> _WHAT THE EXERCISE ASKS_: The lines below starting at the line containing "括号、下标、成员访问 | ()、[]、.、-> | 从左向右 |" and ending at the line containing "кислинкой во вкусе." are to be repeated exactly, with both ends kept and nothing else added.

(Stored items from a collection)
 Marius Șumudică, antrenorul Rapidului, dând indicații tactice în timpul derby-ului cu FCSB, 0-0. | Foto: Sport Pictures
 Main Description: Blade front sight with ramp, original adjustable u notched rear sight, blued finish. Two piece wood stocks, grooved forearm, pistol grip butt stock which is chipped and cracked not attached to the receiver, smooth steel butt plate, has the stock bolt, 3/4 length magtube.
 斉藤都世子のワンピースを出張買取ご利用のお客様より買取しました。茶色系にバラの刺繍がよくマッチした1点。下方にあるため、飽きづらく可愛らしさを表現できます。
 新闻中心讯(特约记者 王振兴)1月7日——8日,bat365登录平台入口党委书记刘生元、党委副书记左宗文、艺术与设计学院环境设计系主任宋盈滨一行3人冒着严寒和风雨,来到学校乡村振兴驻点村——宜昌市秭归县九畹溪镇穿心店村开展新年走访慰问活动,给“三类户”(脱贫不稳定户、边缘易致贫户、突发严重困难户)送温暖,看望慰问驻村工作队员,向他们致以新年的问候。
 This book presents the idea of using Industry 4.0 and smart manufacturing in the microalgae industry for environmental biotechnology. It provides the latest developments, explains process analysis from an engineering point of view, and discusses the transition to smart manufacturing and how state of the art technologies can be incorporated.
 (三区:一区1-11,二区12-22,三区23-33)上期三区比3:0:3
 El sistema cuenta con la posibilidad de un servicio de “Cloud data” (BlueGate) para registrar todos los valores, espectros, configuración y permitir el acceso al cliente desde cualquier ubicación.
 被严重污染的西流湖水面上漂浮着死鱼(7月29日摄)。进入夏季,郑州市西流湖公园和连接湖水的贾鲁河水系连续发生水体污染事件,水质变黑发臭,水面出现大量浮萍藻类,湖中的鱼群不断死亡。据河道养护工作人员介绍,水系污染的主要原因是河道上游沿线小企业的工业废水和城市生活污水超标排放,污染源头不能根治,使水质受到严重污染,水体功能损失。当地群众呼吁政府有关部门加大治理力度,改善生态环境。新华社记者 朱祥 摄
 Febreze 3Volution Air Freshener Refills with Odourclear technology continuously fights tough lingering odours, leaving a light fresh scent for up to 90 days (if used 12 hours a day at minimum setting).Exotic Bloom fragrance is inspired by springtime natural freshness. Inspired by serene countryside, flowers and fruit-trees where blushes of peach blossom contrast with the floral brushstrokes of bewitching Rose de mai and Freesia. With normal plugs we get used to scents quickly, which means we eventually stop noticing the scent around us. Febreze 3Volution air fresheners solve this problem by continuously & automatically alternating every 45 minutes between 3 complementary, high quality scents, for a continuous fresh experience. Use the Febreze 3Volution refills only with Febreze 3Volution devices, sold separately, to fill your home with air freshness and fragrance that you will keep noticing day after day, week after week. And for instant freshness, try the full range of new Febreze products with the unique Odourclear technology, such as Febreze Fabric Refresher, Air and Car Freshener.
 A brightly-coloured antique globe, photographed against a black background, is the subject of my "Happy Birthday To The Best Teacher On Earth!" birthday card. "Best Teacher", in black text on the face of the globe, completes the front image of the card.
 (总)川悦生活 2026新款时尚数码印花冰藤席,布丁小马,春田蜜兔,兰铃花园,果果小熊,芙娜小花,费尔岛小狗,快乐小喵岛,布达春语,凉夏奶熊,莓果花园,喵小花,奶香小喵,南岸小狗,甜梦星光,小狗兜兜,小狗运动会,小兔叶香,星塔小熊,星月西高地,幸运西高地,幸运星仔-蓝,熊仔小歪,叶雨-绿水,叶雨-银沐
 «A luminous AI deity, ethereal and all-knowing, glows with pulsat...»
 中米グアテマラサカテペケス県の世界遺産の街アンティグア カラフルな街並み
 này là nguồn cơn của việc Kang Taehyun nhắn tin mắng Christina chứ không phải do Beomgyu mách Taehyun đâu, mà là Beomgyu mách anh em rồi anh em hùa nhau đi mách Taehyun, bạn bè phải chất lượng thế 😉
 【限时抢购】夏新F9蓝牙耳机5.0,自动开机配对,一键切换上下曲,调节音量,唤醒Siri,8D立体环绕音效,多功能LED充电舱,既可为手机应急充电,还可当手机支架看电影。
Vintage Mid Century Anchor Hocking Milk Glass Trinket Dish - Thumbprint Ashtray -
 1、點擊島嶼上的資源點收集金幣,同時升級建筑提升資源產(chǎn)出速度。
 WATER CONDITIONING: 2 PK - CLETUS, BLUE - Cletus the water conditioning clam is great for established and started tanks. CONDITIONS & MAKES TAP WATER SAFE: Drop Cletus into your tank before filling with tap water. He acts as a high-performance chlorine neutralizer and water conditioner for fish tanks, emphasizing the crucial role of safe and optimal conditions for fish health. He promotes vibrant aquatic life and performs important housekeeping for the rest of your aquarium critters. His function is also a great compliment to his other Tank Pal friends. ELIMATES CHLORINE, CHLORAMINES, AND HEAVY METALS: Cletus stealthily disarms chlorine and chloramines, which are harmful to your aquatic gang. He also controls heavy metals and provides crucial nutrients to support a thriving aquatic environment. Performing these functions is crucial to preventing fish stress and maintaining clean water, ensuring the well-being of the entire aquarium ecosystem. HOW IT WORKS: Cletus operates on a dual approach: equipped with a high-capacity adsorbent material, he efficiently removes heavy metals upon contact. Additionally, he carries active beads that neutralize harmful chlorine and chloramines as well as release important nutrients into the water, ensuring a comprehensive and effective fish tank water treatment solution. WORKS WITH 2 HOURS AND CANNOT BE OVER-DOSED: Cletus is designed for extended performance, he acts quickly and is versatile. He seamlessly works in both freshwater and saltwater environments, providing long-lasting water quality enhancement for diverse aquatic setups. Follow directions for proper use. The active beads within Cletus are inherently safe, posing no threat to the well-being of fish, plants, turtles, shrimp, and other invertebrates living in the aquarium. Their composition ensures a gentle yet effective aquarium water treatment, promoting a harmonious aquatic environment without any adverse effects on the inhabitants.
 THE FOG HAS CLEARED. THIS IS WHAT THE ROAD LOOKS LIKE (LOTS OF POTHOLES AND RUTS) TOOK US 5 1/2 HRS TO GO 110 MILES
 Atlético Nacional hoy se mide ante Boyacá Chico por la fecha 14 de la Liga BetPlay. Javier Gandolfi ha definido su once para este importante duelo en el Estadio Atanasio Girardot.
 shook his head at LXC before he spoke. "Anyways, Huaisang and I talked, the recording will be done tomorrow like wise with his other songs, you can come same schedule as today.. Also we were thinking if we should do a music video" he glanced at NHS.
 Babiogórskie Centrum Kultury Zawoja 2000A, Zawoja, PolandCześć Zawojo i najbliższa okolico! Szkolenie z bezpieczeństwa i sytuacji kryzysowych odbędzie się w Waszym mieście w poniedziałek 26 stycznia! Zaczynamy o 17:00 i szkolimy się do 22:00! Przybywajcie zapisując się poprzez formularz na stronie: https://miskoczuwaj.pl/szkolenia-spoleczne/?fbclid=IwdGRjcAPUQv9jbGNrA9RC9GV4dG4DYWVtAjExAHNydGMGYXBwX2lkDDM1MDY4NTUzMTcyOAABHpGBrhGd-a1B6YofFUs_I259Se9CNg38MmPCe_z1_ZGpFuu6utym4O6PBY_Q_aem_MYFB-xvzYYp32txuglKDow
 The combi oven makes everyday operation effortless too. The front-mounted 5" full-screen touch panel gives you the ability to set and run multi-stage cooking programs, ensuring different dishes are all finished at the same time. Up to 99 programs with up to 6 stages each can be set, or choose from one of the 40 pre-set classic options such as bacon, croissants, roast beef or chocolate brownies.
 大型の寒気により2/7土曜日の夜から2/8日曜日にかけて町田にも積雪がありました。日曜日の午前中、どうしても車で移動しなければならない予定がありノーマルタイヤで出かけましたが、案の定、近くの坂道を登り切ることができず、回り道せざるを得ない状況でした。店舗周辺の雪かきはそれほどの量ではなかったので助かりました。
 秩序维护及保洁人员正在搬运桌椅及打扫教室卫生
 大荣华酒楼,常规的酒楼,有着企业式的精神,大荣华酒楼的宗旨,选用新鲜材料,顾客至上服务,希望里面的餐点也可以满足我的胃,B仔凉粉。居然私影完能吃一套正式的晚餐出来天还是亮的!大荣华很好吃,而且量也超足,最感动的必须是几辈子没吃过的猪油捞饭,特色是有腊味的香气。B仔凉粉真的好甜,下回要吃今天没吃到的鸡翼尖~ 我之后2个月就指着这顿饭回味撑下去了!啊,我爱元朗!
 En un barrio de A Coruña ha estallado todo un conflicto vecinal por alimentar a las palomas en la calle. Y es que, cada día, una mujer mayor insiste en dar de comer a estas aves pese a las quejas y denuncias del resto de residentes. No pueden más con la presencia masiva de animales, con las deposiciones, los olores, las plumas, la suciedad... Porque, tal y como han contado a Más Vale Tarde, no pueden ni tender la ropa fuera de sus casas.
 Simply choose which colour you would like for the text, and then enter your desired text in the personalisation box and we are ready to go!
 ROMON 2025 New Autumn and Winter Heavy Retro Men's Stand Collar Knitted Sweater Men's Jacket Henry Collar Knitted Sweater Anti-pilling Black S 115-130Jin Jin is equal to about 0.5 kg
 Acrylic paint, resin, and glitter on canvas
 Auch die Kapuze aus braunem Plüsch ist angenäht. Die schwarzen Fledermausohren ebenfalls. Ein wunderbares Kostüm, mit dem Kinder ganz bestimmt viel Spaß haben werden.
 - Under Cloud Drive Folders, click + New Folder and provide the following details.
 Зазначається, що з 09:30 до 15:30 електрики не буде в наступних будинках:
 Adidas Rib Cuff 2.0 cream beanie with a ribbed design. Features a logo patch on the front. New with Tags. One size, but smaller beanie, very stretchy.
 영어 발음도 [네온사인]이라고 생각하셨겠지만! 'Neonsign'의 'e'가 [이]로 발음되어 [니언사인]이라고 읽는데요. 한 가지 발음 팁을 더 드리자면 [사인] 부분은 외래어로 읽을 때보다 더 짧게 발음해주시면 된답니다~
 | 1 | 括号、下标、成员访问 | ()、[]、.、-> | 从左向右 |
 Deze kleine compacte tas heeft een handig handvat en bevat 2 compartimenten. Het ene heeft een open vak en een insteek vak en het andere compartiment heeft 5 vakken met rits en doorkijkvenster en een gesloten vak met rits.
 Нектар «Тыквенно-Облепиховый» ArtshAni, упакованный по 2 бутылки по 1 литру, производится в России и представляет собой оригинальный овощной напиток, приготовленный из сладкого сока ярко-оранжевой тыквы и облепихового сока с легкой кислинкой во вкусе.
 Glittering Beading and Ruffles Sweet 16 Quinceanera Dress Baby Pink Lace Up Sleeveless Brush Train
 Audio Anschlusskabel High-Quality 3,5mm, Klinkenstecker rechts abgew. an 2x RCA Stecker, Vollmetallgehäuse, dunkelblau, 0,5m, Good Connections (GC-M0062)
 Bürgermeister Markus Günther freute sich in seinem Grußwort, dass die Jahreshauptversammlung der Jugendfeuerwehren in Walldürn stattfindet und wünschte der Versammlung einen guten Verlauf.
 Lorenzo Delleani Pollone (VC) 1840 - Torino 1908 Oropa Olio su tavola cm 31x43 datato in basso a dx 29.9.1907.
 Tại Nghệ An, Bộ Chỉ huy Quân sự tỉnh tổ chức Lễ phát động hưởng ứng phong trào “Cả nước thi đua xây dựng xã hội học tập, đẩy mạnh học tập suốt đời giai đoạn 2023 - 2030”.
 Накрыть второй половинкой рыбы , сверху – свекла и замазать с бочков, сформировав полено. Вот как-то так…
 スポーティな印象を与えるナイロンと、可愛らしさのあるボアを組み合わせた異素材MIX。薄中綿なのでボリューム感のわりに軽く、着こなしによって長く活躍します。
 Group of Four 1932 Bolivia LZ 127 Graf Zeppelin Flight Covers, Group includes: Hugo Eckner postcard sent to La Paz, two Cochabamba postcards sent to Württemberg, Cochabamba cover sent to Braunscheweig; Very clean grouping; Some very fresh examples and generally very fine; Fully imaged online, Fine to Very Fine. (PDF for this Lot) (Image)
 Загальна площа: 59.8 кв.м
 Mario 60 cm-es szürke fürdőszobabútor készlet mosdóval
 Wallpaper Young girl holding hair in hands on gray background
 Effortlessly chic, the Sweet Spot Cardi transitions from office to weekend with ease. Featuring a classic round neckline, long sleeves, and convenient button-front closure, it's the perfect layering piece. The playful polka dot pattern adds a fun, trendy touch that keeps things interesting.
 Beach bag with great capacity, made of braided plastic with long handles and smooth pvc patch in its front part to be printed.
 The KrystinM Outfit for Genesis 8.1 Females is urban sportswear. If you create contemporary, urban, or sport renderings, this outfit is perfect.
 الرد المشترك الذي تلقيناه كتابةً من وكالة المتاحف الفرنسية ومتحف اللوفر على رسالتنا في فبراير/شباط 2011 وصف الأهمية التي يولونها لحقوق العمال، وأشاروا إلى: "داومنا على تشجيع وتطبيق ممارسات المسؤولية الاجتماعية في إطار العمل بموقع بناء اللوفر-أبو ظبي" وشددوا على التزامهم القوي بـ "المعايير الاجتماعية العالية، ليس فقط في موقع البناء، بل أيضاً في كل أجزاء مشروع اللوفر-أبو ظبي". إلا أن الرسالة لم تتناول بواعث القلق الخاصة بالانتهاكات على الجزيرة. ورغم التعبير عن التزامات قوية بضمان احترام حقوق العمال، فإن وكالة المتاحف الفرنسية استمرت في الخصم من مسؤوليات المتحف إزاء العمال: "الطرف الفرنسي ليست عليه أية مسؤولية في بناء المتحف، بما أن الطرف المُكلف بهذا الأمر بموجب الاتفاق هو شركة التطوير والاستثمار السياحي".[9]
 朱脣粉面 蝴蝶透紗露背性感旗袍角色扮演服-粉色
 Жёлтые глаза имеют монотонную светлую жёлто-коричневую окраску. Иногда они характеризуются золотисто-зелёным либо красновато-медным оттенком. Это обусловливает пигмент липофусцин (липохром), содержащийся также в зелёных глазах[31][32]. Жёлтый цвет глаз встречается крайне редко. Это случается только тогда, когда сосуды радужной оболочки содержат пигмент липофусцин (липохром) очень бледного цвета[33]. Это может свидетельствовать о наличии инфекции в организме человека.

> _ANSWER BOX_:
 | 1 | 括号、下标、成员访问 | ()、[]、.、-> | 从左向右 |
 Deze kleine compacte tas heeft een handig handvat en bevat 2 compartimenten. Het ene heeft een open vak en een insteek vak en het andere compartiment heeft 5 vakken met rits en doorkijkvenster en een gesloten vak met rits.
 Нектар «Тыквенно-Облепиховый» ArtshAni, упакованный по 2 бутылки по 1 литру, производится в России и представляет собой оригинальный овощной напиток, приготовленный из сладкого сока ярко-оранжевой тыквы и облепихового сока с легкой кислинкой во вкусе.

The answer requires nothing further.